- _Exercise details_: From the entries below, reproduce exactly the lines from the one with "入学式では、飯野一朗校長が「" through the one with "The architect worked", both included, without images.

- _Material for this exercise_:
Content starts
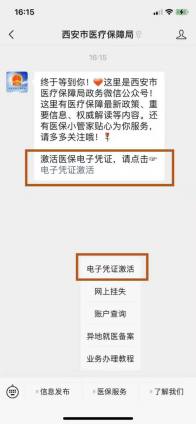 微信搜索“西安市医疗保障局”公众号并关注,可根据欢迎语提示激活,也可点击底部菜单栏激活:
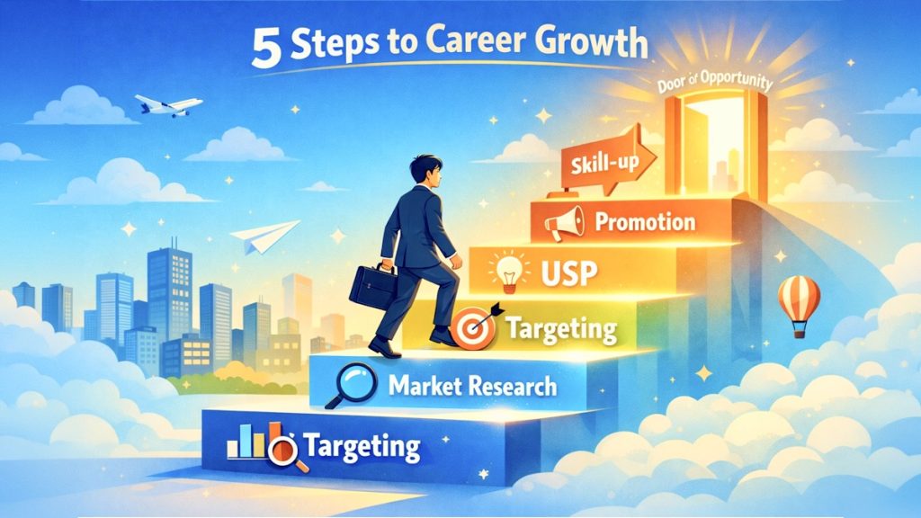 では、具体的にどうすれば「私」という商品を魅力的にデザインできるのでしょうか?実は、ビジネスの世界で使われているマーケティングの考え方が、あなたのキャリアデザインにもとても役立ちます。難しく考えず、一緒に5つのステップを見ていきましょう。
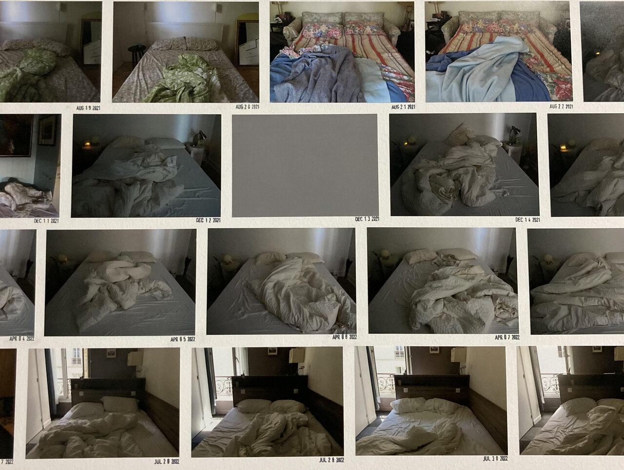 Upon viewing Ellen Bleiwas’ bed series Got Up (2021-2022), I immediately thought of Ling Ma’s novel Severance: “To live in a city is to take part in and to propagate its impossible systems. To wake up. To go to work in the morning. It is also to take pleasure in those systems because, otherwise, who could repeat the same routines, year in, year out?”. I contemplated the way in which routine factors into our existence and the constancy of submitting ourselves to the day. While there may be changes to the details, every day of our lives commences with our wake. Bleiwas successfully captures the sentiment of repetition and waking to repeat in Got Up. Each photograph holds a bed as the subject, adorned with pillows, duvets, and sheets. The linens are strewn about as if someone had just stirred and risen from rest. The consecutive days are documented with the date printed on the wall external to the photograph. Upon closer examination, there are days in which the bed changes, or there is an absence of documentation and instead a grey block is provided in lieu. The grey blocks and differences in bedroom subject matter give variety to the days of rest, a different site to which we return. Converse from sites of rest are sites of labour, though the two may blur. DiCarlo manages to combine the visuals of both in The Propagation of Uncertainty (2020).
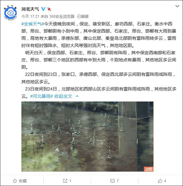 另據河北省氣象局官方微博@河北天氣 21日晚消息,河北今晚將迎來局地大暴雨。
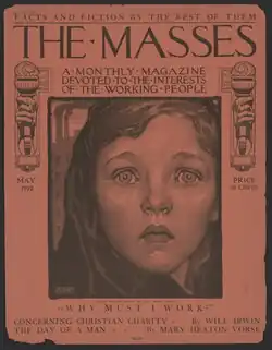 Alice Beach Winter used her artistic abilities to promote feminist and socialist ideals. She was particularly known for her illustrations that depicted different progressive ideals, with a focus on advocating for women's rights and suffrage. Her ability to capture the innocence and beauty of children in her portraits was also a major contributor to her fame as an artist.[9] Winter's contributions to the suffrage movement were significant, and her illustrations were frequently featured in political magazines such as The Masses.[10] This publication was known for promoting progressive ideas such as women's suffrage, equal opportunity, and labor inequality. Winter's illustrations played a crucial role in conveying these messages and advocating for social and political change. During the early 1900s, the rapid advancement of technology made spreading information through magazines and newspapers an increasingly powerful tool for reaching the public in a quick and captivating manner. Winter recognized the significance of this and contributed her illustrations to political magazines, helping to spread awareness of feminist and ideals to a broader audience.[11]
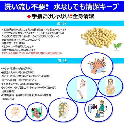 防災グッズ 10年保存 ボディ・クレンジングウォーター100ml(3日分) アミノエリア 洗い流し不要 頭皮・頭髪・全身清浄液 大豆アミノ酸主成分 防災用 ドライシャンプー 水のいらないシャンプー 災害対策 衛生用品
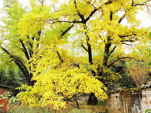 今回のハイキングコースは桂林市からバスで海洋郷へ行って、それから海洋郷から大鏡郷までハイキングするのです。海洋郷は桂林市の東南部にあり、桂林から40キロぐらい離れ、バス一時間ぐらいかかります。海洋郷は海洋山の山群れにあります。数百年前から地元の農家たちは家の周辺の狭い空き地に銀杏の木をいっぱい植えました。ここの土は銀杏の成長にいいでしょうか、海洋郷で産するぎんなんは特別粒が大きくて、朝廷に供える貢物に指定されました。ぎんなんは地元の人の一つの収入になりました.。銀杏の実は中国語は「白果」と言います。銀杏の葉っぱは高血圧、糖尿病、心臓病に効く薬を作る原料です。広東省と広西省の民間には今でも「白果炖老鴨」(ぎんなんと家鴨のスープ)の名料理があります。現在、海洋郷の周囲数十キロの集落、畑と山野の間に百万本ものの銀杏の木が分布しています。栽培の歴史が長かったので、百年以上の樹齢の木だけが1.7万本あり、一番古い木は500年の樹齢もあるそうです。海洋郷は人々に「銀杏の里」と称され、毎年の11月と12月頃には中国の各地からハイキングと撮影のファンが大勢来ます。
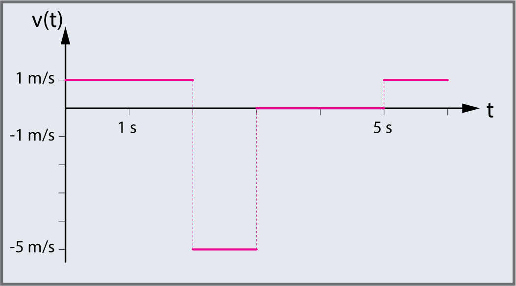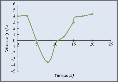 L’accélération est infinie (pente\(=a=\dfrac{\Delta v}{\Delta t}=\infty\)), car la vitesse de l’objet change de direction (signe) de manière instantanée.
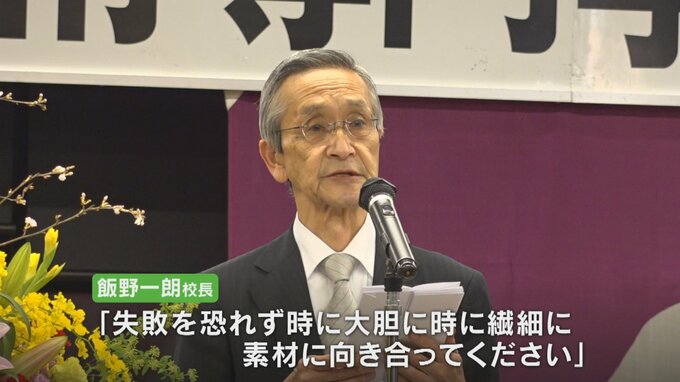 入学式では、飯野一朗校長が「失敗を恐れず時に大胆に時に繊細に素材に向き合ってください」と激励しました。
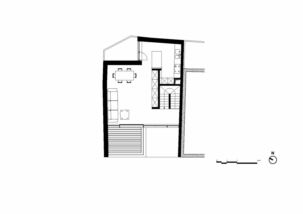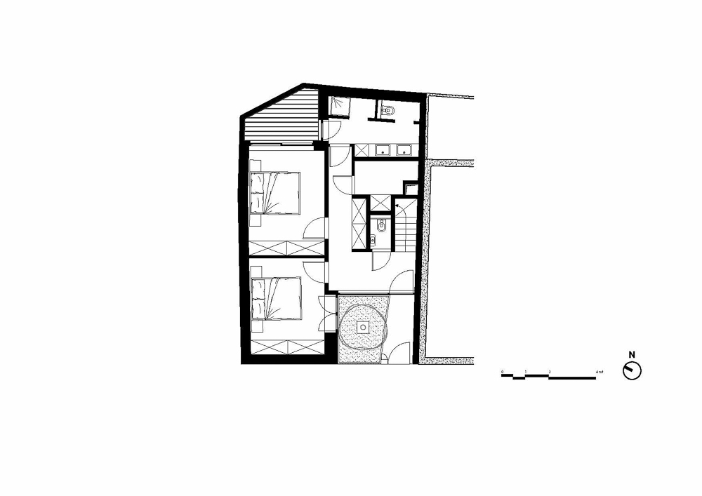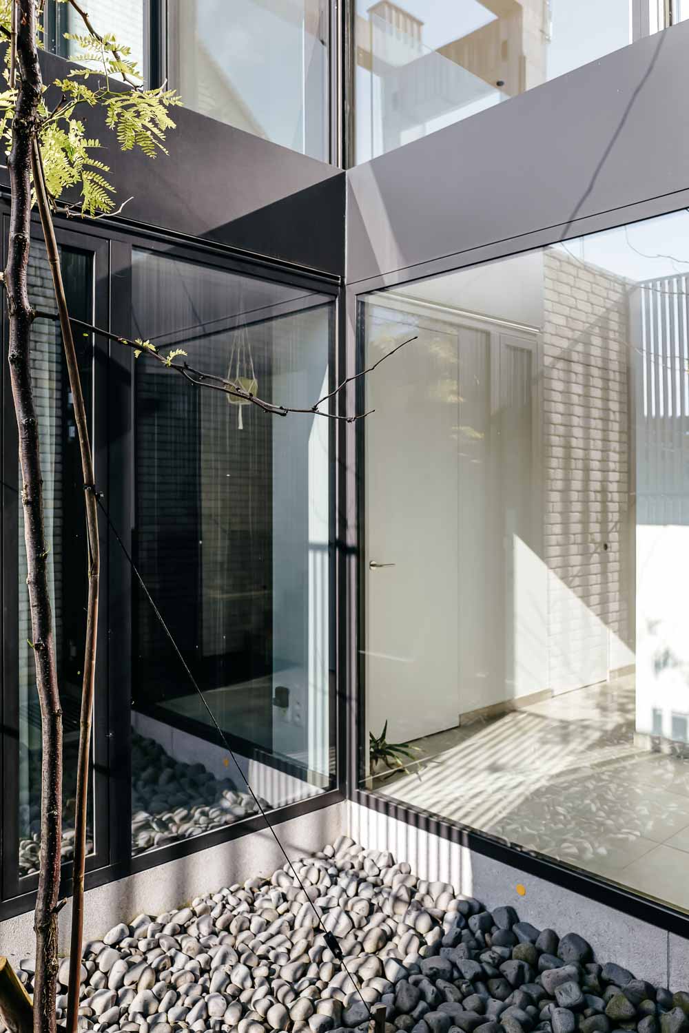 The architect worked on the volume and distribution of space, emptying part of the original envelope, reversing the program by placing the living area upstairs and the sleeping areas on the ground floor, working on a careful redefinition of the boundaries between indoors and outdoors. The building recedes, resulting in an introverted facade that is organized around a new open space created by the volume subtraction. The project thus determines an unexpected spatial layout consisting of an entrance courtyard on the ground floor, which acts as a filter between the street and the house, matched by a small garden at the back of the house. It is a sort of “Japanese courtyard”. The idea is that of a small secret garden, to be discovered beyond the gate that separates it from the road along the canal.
Content ends
Content starts
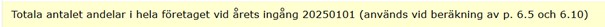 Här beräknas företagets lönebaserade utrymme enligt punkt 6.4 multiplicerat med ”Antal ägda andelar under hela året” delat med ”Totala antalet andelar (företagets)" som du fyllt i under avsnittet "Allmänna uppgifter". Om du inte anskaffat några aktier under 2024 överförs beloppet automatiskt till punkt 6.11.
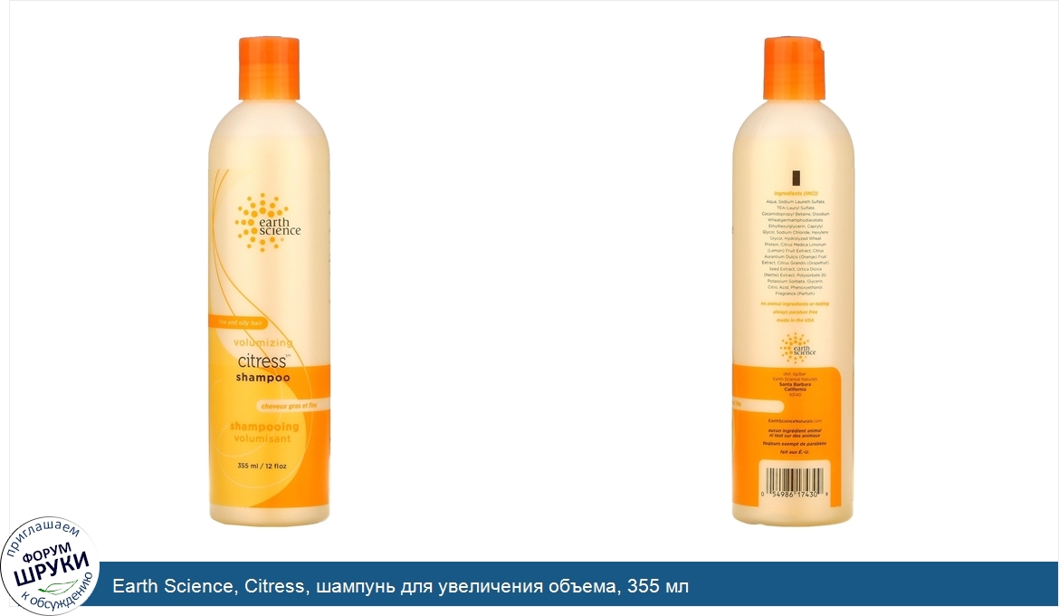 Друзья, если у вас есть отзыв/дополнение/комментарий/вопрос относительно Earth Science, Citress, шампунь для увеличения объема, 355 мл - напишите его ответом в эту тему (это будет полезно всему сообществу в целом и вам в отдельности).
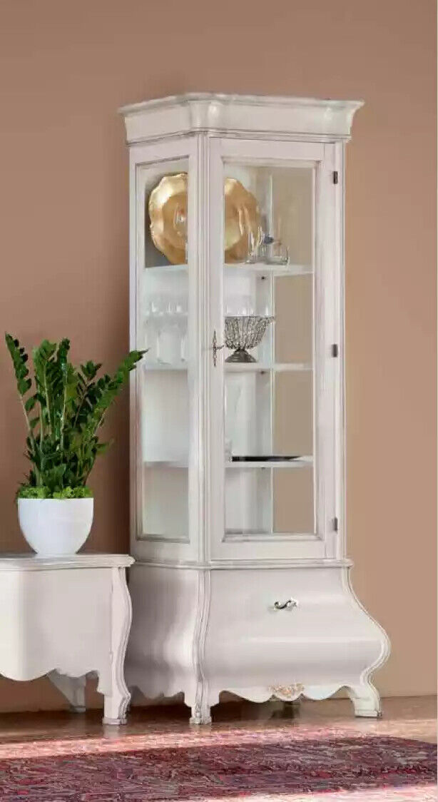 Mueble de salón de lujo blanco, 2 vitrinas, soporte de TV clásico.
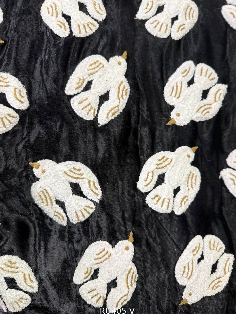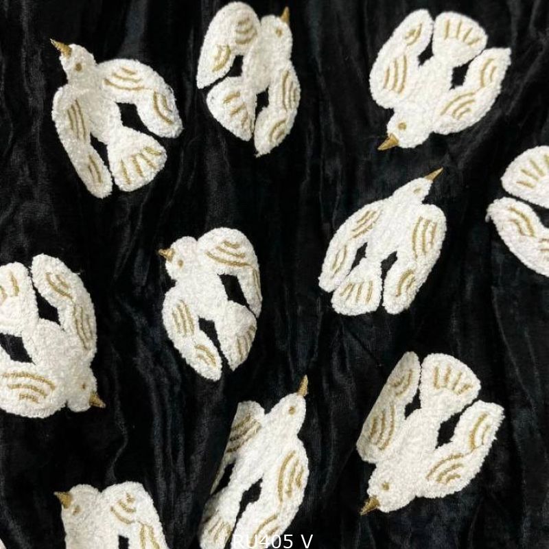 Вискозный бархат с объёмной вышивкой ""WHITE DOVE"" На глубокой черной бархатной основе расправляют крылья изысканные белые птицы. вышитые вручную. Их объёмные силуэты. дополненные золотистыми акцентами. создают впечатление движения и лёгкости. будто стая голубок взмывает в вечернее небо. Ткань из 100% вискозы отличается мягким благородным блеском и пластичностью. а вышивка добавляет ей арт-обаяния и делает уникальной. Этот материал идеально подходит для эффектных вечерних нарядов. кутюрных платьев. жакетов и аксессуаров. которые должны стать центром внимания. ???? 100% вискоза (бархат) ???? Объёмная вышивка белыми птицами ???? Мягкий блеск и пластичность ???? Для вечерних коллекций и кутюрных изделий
Content ends
- _Answer to this exercise_:
 入学式では、飯野一朗校長が「失敗を恐れず時に大胆に時に繊細に素材に向き合ってください」と激励しました。
 The architect worked on the volume and distribution of space, emptying part of the original envelope, reversing the program by placing the living area upstairs and the sleeping areas on the ground floor, working on a careful redefinition of the boundaries between indoors and outdoors. The building recedes, resulting in an introverted facade that is organized around a new open space created by the volume subtraction. The project thus determines an unexpected spatial layout consisting of an entrance courtyard on the ground floor, which acts as a filter between the street and the house, matched by a small garden at the back of the house. It is a sort of “Japanese courtyard”. The idea is that of a small secret garden, to be discovered beyond the gate that separates it from the road along the canal.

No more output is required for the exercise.